Robust OS-ELM with a novel selective ensemble based on particle swarm optimization
This work addresses robustness and stability issues in online learning algorithms, particularly for applications using UCI datasets, but it is incremental as it builds upon existing OS-ELM methods.
The paper tackled the problem of improving robustness and stability in online sequential extreme learning machines by proposing a robust OS-ELM with a novel selective ensemble method based on particle swarm optimization, resulting in significant improvements as shown in experiments on UCI datasets for regression and classification.

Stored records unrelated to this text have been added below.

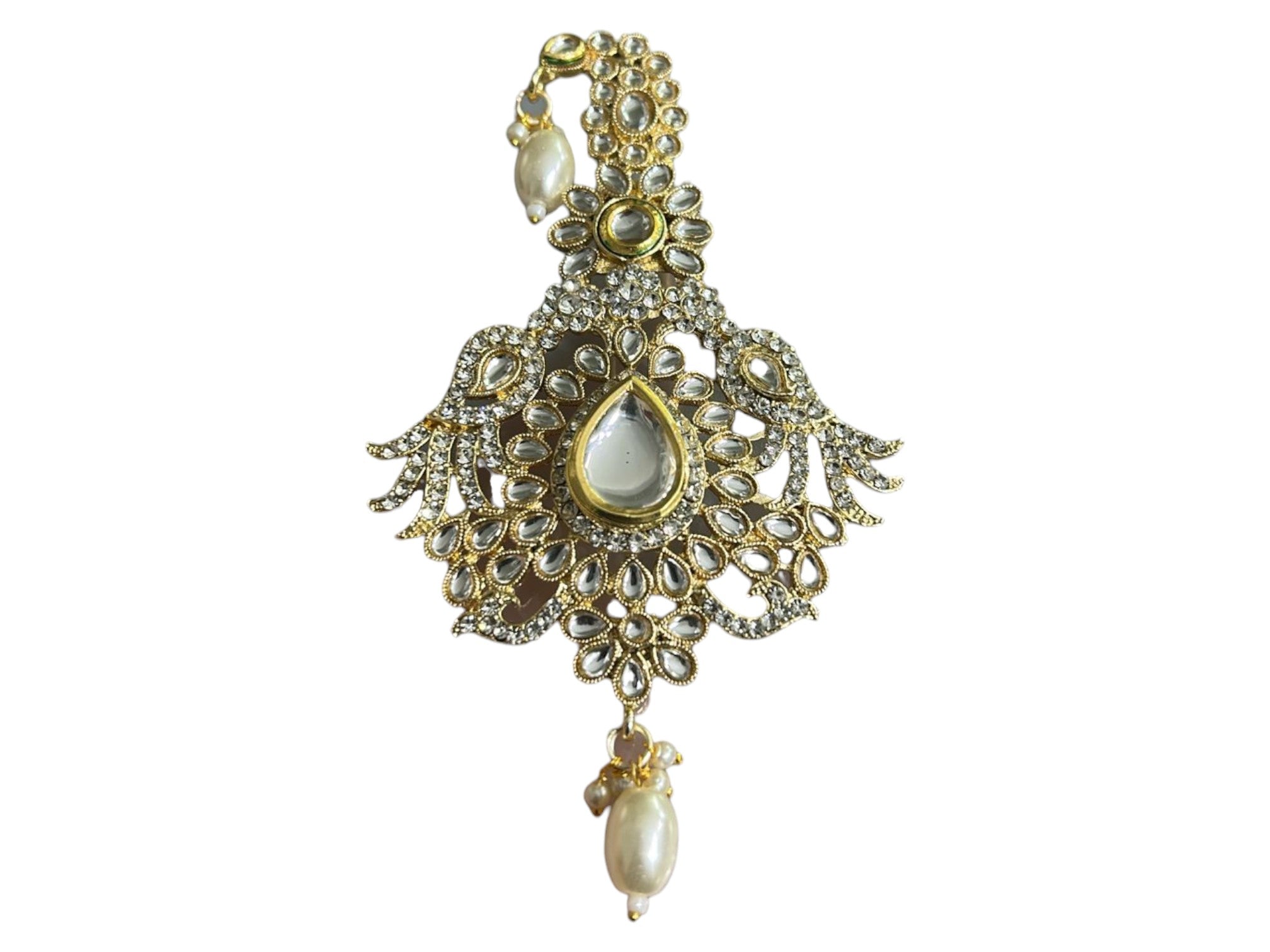 🌟 Key Features💎 Brilliant Crystal Centerpiece: A large, high-quality central crystal creates a luxurious focal point, ensuring unmatched sparkle in photos and wedding lighting.✨ Intricate Stone Work: Surrounded by finely set stones and teardrop crystals that add depth, shine, and an opulent finish.🤍 Elegant Pearl Danglers: Finished with delicate pearl hangings that add traditional charm and graceful movement.🌟 Swan-Inspired Top Design: The curved, rhinestone-studded motif adds a unique and royal flair—perfect for premium groom aesthetics.👑 Gold-Toned Base: A rich gold finish enhances the brilliance of the stones and pairs beautifully with ivory, cream, gold, and pastel pagdis.🎩 Lightweight & Secure: Designed to be comfortable and easy to pin onto any wedding turban.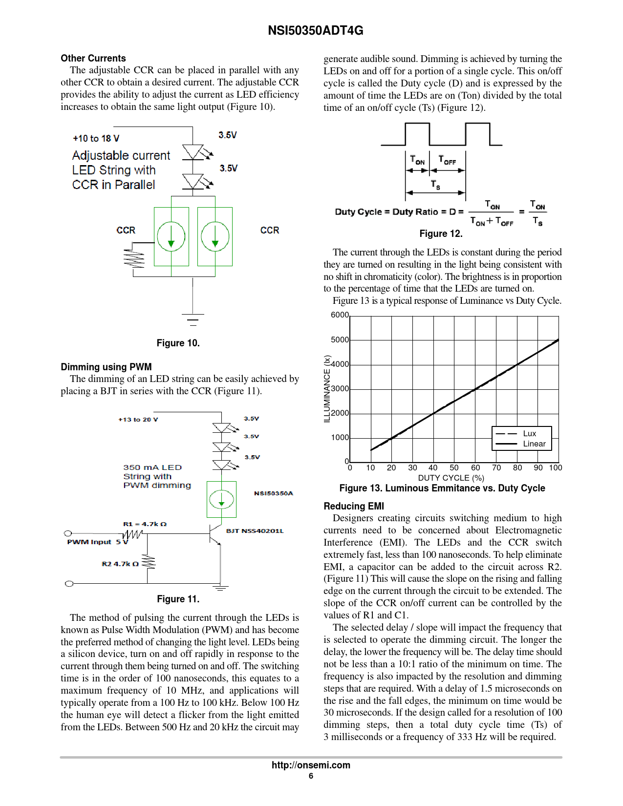 NSI50350ADT4G Other Currents Figure 12 Figure 10 Dimming using PWM Figure 13 Luminous Emmitance vs Duty Cycle Reducing EMI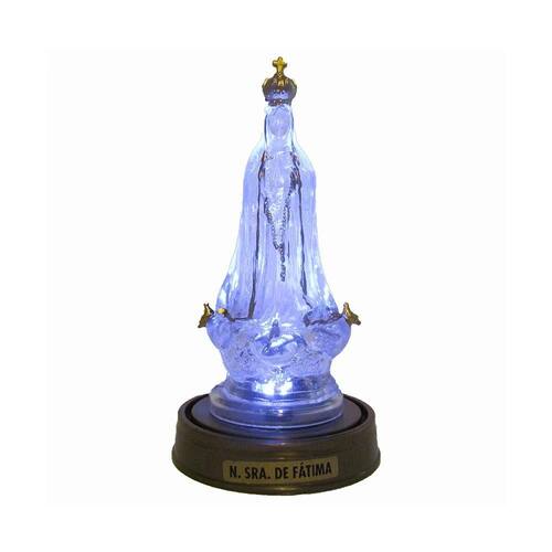 Detalhes: 13 cm de altura; 7 cm de diâmetro; Base de Plástico na cor ouro envelhecido; Imagem de acrílico; Detalhes dourados; LED na cor Azul; Funciona com 1 bateria, já inclusa.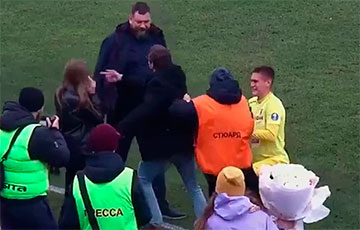 Адказацьколхозный жирный быкан, бывший мент на пенсии выскочил, т.к. увидел, что зрительница бросилась на поле, а его обязанности - предотвращать такое. Футболист оскорбился, обидели его невесту, и сразу дал в морду.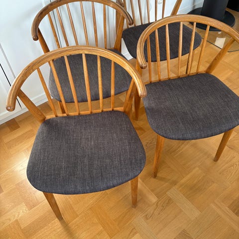 Två ljusbruna Ute stolar. Tror dem är från IKEA men inte säker. Dem är lite skitiga men fullt funktionella. Kommer med 2 dynor också. Skriv vid fler frågor. Hämtas I Finspång.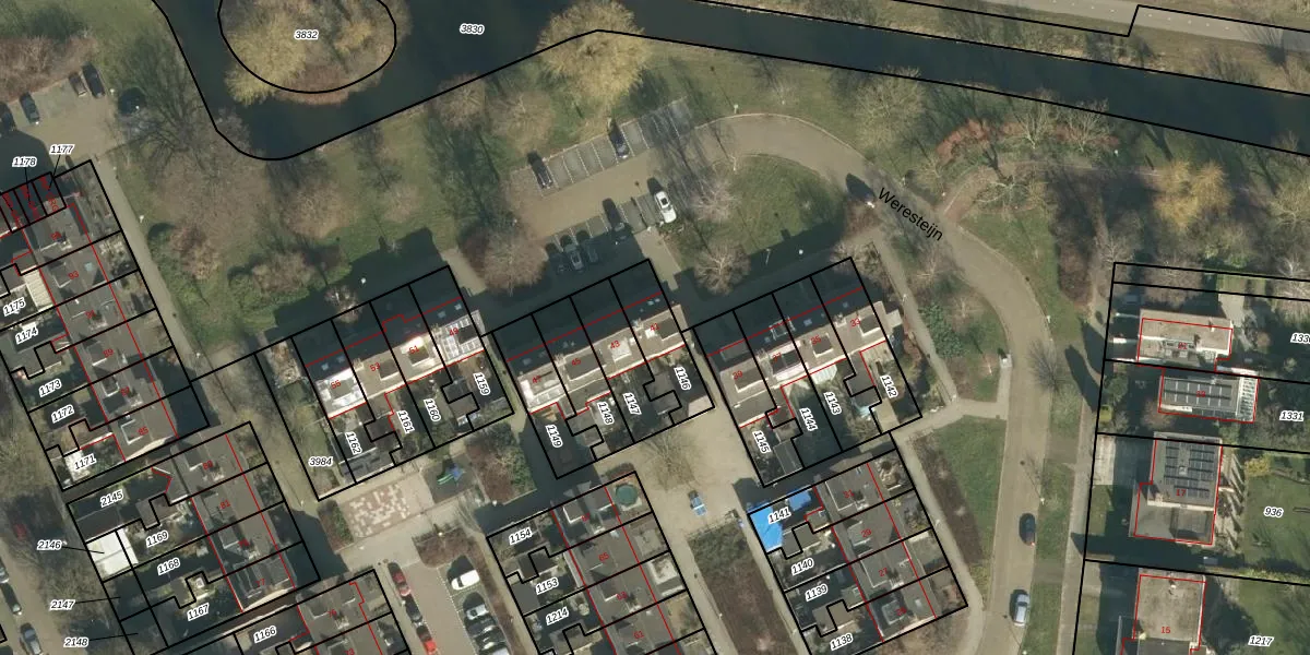 Het perceel waarop Weresteijn 41 staat heeft een oppervlakte van 163 m². Dit is een middelgroot perceel. De perceeloppervlakte wordt geregistreerd door het Kadaster. Gedetailleerde informatie over de maten van dit perceel kunt u vinden in het rapport Kadastrale kaart met maatvoering van Weresteijn 41.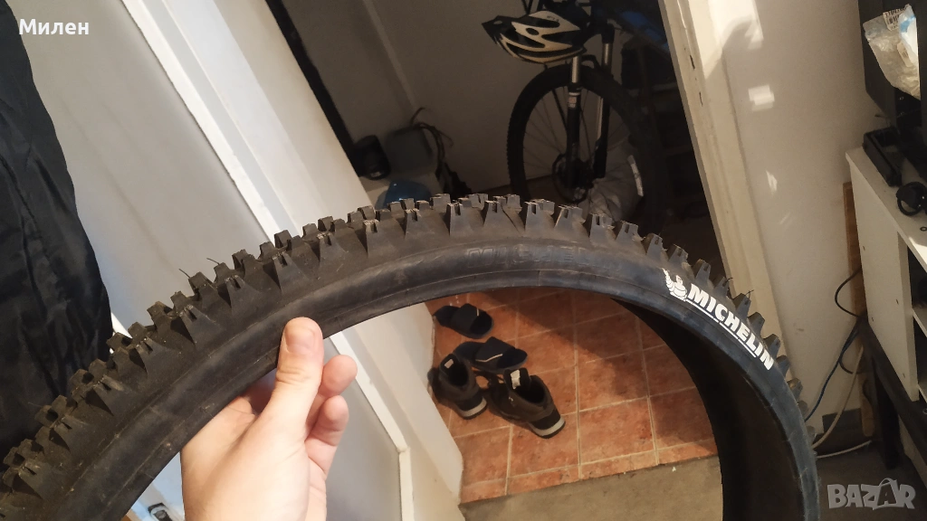 Външна гума Мишелин, веднъж карана, вече не ми трябва че нямам на какво да я карам. Съвместима с безкамерни системи. По шарка е по-подходяща за задна, за Ендуро или АМ/планинско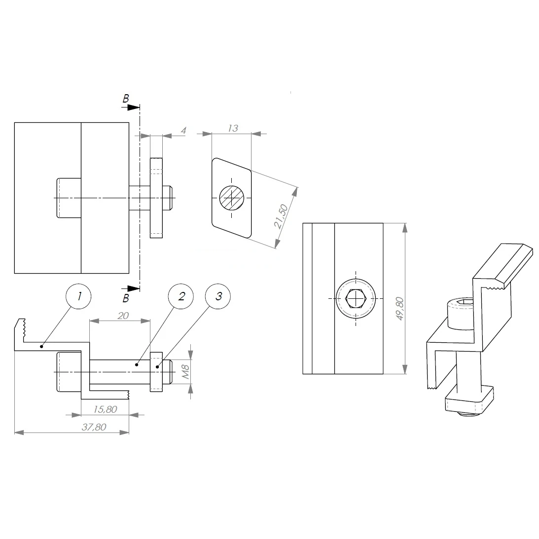 Collier de serrage latéral 35 mm avec vis et insert en aluminium 6060, pour le montage de modules photovoltaïques 35 mm avec vis DIN 912 M8x25.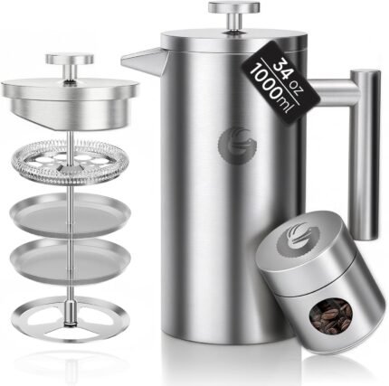 Coffee Gator 304 Grade Stainless Steel French Press Coffee Maker 34 oz, Double Wall Insulated Teapot with 4-Level Filtration System, Include Travel Jar Canister, Rust-Free, Dishwasher Safe, Silver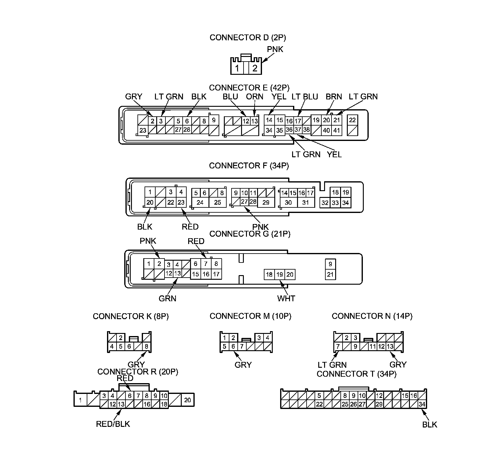 2. Disconnect under-dash fuse/relay box connectors D, E, F, G, K, M, N, R, and T.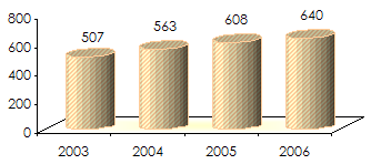 in USD| Classes | 2003 | % of T/O* | 2004 | % of T/O* | 2005 | % of T/O* | 2006 | % of T/O* |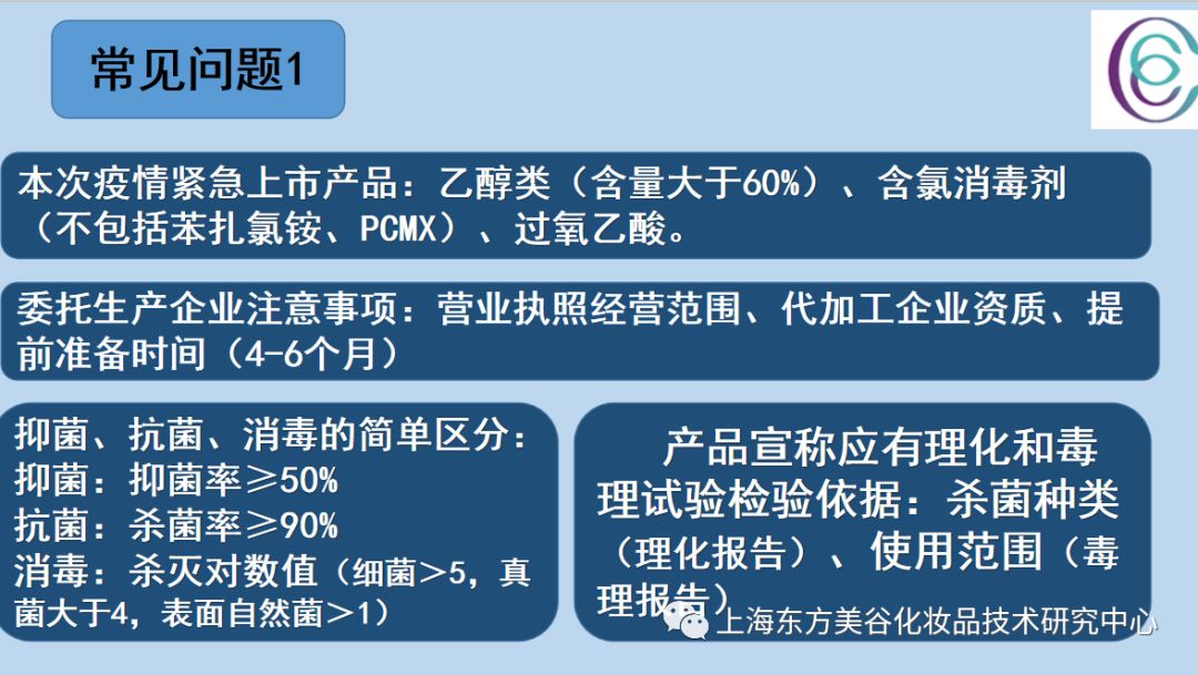 近期疫情高發(fā),與協(xié)會咨詢新增消毒產(chǎn)品事宜的增多,為避免盲目上馬帶來資金浪費,2月10日上午邀請南京佳原堂湯總工、湖北維美日化鄒總二位中心專家分別就:消毒產(chǎn)品申報備案與設(shè)備工藝、市場前景進行了研討。并就常見問題回答了大家的提問,中心會員南六平湖潘工、黃山荷繡生物余總、上海納緹生物唐總等也發(fā)表了自己看法。上百家公司人員參與了這次專題互動。上海東方美谷化妝品技術(shù)研究中心將這次研討整理了下,供大家參閱。 一、申證

In this paper, a robust online sequential extreme learning machine (ROS-ELM) is proposed. It is based on the original OS-ELM with an adaptive selective ensemble framework. Two novel insights are proposed in this paper. First, a novel selective ensemble algorithm referred to as particle swarm optimization selective ensemble (PSOSEN) is proposed. Noting that PSOSEN is a general selective ensemble method which is applicable to any learning algorithms, including batch learning and online learning. Second, an adaptive selective ensemble framework for online learning is designed to balance the robustness and complexity of the algorithm. Experiments for both regression and classification problems with UCI data sets are carried out. Comparisons between OS-ELM, simple ensemble OS-ELM (EOS-ELM) and the proposed ROS-ELM empirically show that ROS-ELM significantly improves the robustness and stability.